(INPUT Opens)
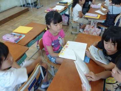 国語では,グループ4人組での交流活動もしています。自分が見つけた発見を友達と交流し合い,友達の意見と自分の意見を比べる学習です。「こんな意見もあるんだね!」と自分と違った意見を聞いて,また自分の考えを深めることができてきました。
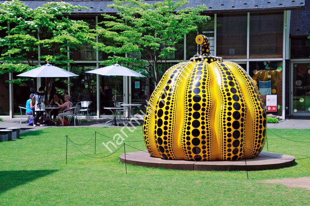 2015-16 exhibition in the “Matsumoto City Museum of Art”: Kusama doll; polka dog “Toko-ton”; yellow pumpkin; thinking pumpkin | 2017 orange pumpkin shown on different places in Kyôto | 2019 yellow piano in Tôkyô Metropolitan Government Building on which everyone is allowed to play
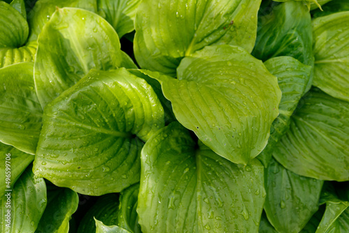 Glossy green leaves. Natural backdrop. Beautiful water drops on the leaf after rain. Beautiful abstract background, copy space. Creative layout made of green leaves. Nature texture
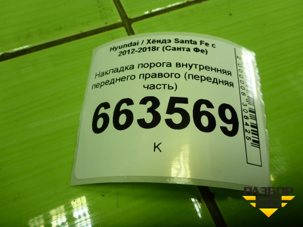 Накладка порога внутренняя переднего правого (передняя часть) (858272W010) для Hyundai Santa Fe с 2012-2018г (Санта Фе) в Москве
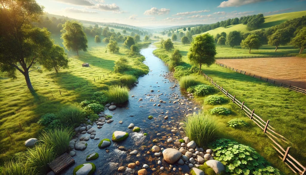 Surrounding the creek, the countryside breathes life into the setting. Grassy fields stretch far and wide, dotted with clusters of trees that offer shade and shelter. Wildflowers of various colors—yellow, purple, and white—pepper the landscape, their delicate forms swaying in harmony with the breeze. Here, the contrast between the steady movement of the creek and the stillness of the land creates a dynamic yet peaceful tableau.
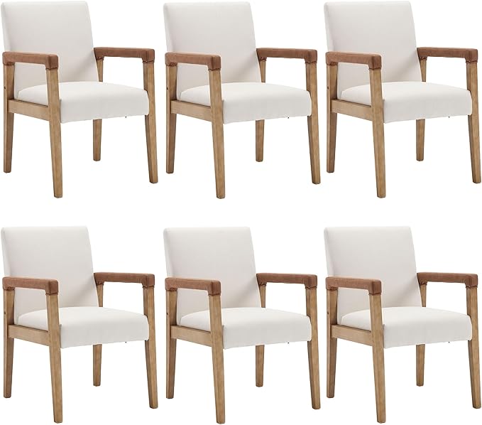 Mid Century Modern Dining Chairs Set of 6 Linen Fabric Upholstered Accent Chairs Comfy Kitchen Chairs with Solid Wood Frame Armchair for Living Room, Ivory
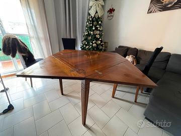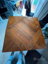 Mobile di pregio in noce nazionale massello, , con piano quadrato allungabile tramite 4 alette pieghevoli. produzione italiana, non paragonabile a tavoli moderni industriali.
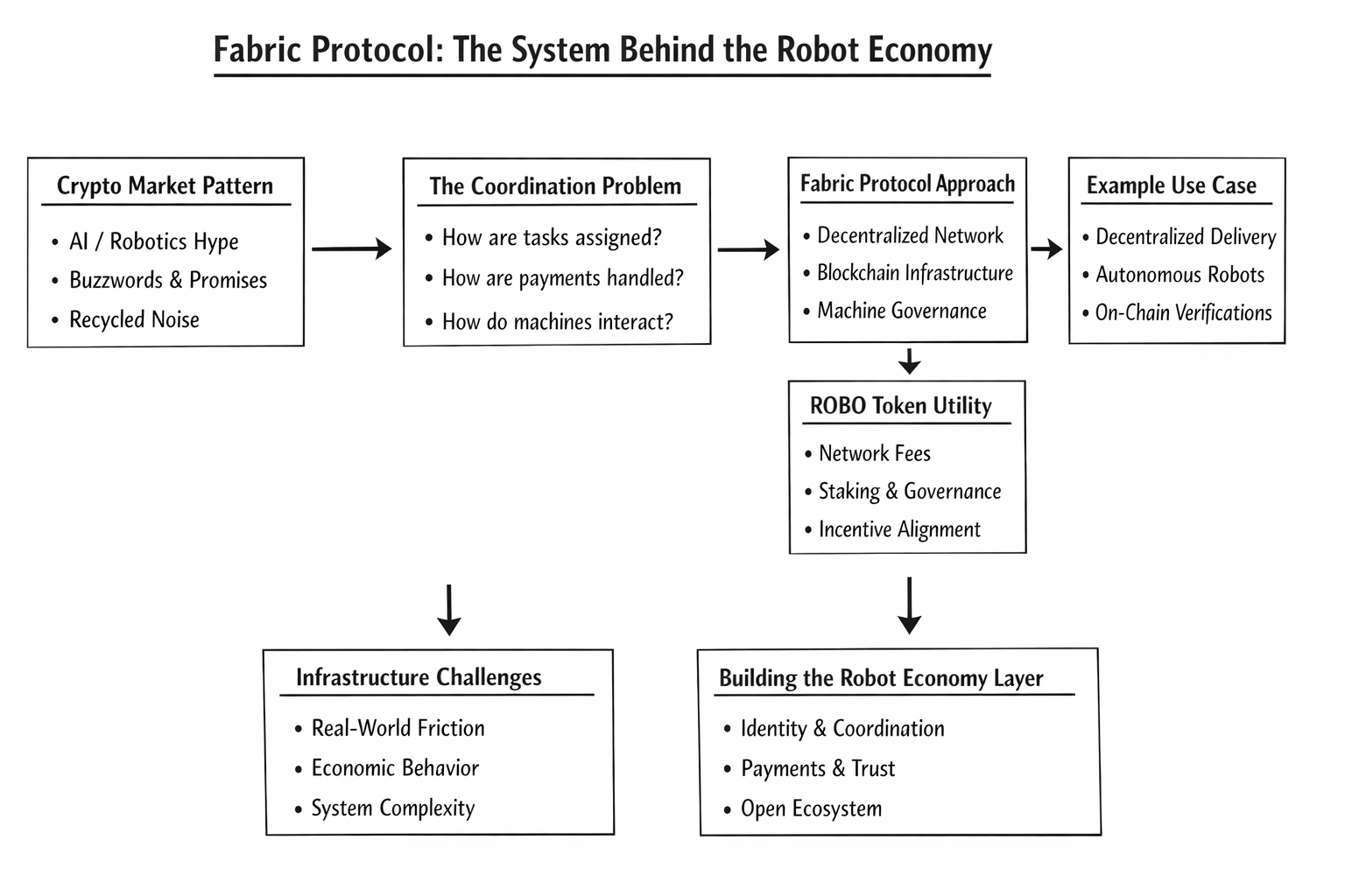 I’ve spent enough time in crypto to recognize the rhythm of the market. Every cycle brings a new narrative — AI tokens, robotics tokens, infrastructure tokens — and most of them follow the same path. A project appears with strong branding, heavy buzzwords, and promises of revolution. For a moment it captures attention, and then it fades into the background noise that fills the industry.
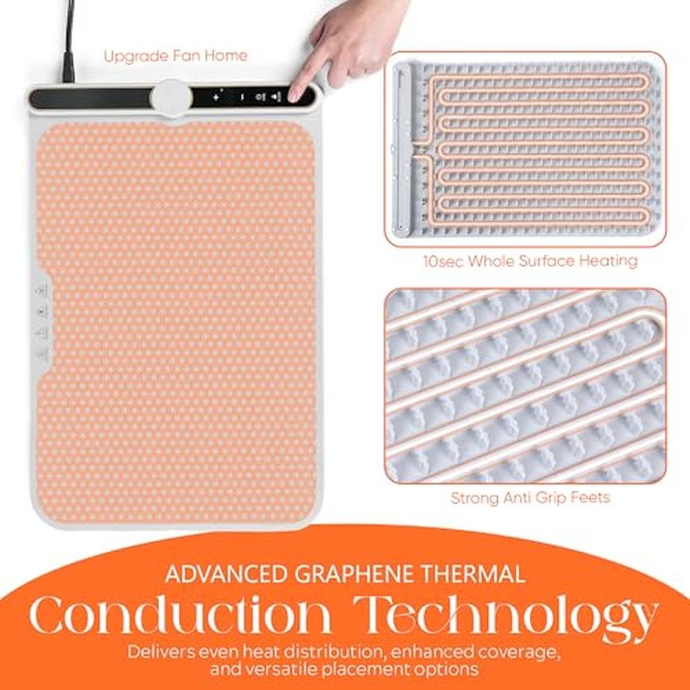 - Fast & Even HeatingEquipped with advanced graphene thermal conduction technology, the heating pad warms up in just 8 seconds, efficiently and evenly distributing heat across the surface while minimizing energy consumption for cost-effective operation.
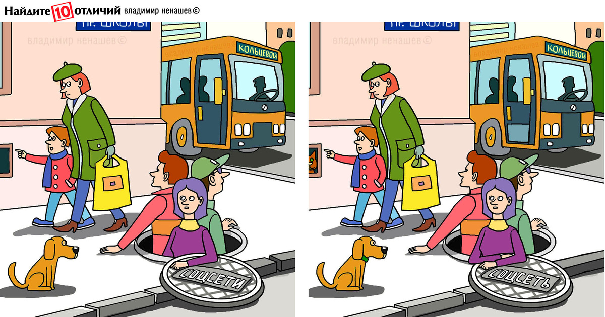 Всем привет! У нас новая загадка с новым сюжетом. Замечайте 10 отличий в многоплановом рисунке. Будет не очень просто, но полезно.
(INPUT Closes)
(INPUT Opens)
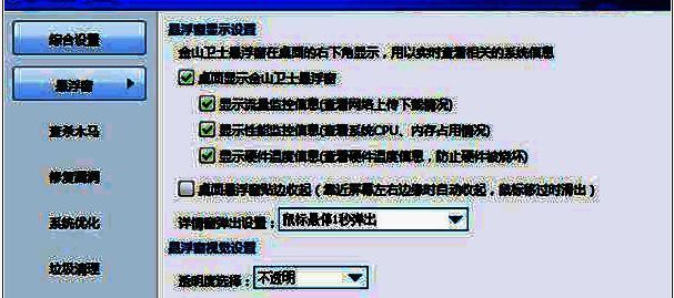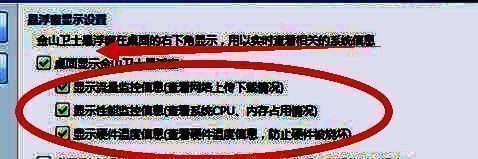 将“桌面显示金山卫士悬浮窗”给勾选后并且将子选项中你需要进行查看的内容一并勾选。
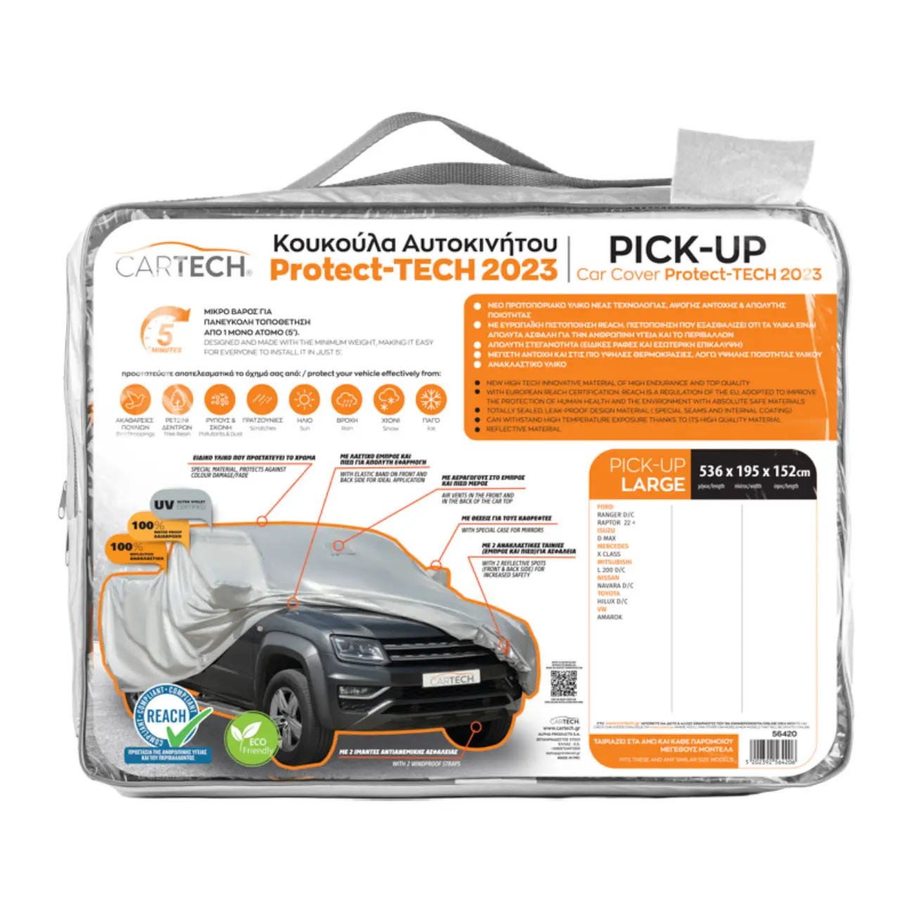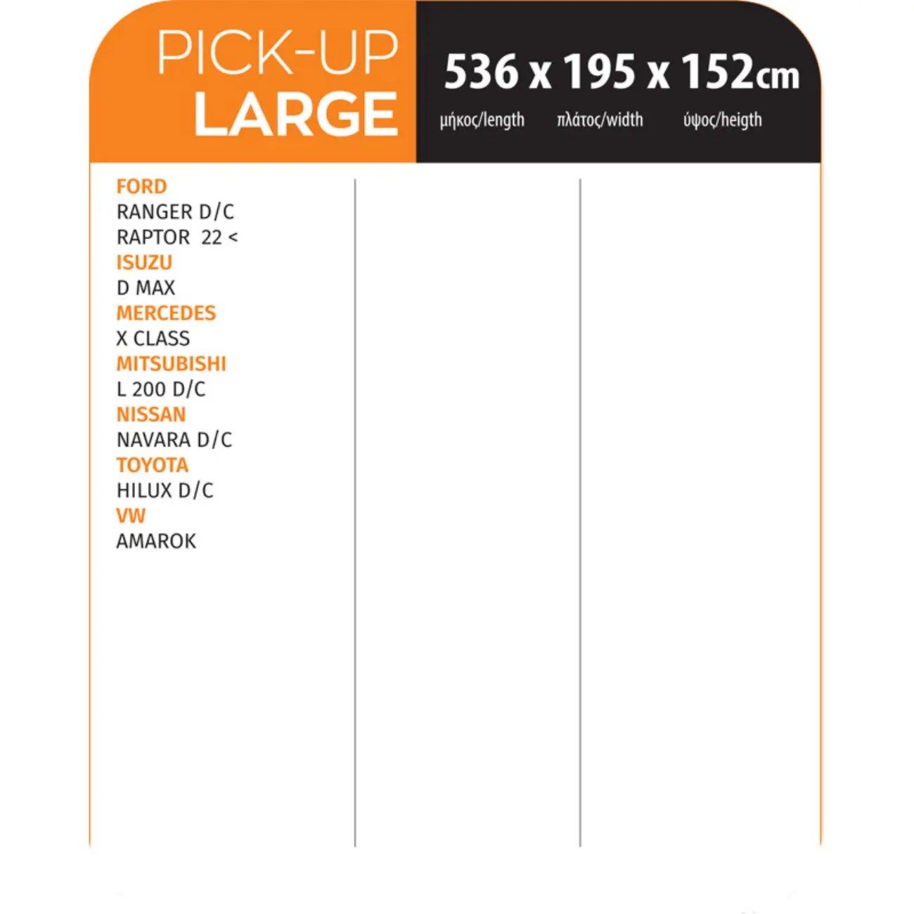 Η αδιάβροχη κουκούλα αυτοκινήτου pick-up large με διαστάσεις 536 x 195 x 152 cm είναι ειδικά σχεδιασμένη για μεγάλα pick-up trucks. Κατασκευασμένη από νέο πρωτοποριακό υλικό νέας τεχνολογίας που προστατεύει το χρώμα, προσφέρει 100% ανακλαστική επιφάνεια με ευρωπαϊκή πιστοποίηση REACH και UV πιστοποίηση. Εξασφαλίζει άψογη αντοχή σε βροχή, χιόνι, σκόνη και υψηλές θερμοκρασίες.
(INPUT Closes)
(INPUT Opens)
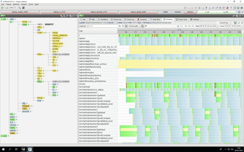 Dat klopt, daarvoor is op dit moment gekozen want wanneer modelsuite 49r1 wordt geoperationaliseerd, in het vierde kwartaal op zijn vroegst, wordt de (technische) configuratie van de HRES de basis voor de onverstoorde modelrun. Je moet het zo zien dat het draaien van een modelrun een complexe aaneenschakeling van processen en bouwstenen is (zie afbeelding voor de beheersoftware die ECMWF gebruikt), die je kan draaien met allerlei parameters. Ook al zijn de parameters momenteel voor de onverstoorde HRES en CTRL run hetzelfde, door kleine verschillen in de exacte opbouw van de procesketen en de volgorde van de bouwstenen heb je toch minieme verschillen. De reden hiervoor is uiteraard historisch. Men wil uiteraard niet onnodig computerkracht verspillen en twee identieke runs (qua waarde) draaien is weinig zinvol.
(INPUT Closes)
#### WHAT IS BEING ASKED
Having found the line with "国語では,グループ4人組での" and the line with "Накладка порога внутренняя" in the material above, write out exactly those two and every line between, leaving the pictures out.

#### EXERCISE RESPONSE
 国語では,グループ4人組での交流活動もしています。自分が見つけた発見を友達と交流し合い,友達の意見と自分の意見を比べる学習です。「こんな意見もあるんだね!」と自分と違った意見を聞いて,また自分の考えを深めることができてきました。
 2015-16 exhibition in the “Matsumoto City Museum of Art”: Kusama doll; polka dog “Toko-ton”; yellow pumpkin; thinking pumpkin | 2017 orange pumpkin shown on different places in Kyôto | 2019 yellow piano in Tôkyô Metropolitan Government Building on which everyone is allowed to play
 Glossy green leaves. Natural backdrop. Beautiful water drops on the leaf after rain. Beautiful abstract background, copy space. Creative layout made of green leaves. Nature texture
 Накладка порога внутренняя переднего правого (передняя часть) (858272W010) для Hyundai Santa Fe с 2012-2018г (Санта Фе) в Москве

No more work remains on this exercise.